* _What is being asked_: Once you find the line containing "modernisation of the", please retype it and every line after it to the end of the entries, exactly and with nothing added.

* _Data_:
____________________

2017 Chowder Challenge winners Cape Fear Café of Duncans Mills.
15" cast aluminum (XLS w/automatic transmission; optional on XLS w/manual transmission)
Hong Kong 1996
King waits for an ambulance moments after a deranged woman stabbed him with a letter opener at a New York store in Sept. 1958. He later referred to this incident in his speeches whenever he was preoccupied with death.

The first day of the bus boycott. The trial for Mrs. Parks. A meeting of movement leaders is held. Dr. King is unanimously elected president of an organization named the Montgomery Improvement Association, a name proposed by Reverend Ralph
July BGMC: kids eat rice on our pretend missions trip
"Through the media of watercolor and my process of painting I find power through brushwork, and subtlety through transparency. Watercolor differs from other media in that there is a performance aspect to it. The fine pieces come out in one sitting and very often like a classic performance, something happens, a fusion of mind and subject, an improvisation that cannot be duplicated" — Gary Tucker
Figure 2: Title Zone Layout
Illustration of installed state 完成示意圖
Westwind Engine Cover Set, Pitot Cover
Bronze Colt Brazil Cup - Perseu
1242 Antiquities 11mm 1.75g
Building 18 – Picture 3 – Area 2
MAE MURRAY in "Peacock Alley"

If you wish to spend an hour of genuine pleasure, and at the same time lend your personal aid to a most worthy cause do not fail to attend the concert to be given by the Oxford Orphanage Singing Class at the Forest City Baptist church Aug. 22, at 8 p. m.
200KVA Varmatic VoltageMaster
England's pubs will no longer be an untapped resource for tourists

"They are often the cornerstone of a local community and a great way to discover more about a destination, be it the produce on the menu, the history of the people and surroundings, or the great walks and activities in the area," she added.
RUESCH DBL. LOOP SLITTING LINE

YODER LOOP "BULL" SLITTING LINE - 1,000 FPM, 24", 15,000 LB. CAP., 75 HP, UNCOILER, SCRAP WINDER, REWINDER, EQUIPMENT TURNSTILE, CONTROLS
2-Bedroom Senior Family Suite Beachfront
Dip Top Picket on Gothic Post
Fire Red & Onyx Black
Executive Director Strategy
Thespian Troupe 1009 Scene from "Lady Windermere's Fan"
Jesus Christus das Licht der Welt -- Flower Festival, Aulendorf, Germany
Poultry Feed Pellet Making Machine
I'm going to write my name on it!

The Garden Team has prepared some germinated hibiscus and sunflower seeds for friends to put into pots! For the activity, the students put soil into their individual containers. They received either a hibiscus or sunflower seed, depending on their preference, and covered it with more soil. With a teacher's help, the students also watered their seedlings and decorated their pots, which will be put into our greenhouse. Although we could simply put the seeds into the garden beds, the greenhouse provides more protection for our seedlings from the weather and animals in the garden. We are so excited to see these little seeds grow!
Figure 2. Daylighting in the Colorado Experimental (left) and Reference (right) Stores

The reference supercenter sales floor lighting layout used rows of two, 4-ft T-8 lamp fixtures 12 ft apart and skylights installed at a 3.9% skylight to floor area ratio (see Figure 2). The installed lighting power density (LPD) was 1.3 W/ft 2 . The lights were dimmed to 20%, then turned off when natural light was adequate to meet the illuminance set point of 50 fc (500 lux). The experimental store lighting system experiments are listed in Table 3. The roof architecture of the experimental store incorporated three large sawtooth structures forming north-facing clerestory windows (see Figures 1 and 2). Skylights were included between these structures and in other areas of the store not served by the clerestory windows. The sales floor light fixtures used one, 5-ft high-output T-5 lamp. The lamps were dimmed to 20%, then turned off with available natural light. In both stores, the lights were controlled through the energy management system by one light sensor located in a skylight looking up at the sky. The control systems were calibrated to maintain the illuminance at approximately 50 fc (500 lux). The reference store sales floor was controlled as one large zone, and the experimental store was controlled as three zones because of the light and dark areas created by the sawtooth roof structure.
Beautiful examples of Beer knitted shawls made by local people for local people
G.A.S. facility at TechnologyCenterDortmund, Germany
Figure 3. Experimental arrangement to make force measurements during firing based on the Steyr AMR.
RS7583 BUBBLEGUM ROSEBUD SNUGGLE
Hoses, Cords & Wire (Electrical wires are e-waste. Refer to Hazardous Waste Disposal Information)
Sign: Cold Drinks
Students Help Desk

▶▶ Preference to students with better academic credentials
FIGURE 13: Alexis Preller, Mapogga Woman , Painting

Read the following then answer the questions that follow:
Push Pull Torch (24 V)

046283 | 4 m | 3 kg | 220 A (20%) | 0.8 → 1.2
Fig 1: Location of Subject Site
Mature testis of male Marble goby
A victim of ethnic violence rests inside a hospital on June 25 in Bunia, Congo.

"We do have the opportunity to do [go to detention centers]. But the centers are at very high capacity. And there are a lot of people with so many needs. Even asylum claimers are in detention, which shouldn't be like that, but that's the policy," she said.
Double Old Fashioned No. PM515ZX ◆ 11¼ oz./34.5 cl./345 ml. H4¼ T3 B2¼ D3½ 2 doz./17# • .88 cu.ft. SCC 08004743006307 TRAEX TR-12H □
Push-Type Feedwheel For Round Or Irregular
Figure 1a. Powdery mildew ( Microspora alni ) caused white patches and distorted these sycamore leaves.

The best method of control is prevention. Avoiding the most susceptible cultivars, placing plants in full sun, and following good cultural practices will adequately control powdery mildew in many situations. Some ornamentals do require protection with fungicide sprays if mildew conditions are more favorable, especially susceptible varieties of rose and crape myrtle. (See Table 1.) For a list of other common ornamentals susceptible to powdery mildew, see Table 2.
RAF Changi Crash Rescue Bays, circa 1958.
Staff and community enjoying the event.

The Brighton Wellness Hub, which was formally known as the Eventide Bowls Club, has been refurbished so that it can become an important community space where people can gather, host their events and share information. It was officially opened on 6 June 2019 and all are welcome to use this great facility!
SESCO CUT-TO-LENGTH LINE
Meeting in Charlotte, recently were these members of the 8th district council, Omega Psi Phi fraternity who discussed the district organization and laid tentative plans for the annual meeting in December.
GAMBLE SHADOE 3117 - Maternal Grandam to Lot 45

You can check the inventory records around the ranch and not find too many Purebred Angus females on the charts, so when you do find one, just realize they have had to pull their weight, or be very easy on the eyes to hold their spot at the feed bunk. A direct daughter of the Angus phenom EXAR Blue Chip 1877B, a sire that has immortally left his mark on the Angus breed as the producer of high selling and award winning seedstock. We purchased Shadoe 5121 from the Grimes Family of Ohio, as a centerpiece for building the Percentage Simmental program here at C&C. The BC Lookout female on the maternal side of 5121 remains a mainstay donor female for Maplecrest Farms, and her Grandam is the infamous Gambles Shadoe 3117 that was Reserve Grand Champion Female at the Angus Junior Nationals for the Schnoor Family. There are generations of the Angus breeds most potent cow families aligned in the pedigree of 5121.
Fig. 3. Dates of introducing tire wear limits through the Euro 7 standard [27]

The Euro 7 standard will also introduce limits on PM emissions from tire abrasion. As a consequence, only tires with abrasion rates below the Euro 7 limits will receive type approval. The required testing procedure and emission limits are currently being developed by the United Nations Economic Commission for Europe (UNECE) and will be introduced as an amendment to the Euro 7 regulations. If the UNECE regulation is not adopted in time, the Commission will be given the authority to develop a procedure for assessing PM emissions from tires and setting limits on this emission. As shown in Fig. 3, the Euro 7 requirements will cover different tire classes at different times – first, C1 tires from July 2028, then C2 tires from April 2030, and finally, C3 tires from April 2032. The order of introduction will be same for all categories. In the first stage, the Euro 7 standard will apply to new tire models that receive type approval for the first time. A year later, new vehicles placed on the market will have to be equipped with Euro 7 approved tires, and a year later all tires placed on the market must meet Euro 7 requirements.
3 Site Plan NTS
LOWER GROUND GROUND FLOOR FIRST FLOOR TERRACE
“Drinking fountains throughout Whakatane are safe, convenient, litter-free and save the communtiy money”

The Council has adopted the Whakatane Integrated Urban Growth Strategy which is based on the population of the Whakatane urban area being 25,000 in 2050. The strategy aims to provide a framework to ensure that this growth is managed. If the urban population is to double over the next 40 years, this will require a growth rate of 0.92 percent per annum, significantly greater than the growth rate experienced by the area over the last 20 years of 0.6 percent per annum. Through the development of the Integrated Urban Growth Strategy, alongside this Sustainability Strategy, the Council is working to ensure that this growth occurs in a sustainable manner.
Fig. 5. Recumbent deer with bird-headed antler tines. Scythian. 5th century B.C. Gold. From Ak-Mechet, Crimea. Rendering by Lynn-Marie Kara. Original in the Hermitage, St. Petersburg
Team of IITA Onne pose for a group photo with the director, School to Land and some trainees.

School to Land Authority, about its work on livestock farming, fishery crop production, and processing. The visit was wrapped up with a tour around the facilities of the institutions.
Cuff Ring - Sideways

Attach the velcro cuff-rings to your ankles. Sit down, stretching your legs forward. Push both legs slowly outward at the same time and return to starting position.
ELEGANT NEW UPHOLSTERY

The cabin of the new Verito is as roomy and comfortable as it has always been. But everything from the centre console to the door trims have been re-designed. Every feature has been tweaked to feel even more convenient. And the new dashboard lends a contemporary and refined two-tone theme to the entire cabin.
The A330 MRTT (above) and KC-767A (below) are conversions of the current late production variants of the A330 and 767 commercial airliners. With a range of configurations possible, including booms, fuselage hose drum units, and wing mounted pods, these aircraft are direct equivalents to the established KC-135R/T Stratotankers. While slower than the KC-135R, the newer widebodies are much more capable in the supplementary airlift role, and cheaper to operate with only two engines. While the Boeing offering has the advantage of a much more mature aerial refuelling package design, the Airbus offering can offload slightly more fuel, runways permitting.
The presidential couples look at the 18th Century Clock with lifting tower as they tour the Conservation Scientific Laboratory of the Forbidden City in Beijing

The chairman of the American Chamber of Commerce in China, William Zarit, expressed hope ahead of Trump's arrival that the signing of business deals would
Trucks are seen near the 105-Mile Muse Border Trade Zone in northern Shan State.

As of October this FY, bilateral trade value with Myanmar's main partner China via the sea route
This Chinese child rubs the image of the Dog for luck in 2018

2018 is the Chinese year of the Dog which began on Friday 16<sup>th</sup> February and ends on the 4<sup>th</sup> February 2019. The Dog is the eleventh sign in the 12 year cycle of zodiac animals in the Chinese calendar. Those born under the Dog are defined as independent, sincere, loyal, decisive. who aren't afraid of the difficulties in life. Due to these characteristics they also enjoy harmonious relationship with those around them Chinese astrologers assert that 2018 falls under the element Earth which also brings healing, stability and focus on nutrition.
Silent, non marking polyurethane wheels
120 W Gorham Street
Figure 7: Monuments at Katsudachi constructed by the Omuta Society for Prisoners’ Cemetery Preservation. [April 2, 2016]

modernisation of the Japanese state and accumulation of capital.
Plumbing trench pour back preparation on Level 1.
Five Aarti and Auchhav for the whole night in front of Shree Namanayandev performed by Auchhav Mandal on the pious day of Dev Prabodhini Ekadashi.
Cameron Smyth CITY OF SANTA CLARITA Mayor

____________________

* _Reply_:
modernisation of the Japanese state and accumulation of capital.
Plumbing trench pour back preparation on Level 1.
Five Aarti and Auchhav for the whole night in front of Shree Namanayandev performed by Auchhav Mandal on the pious day of Dev Prabodhini Ekadashi.
Cameron Smyth CITY OF SANTA CLARITA Mayor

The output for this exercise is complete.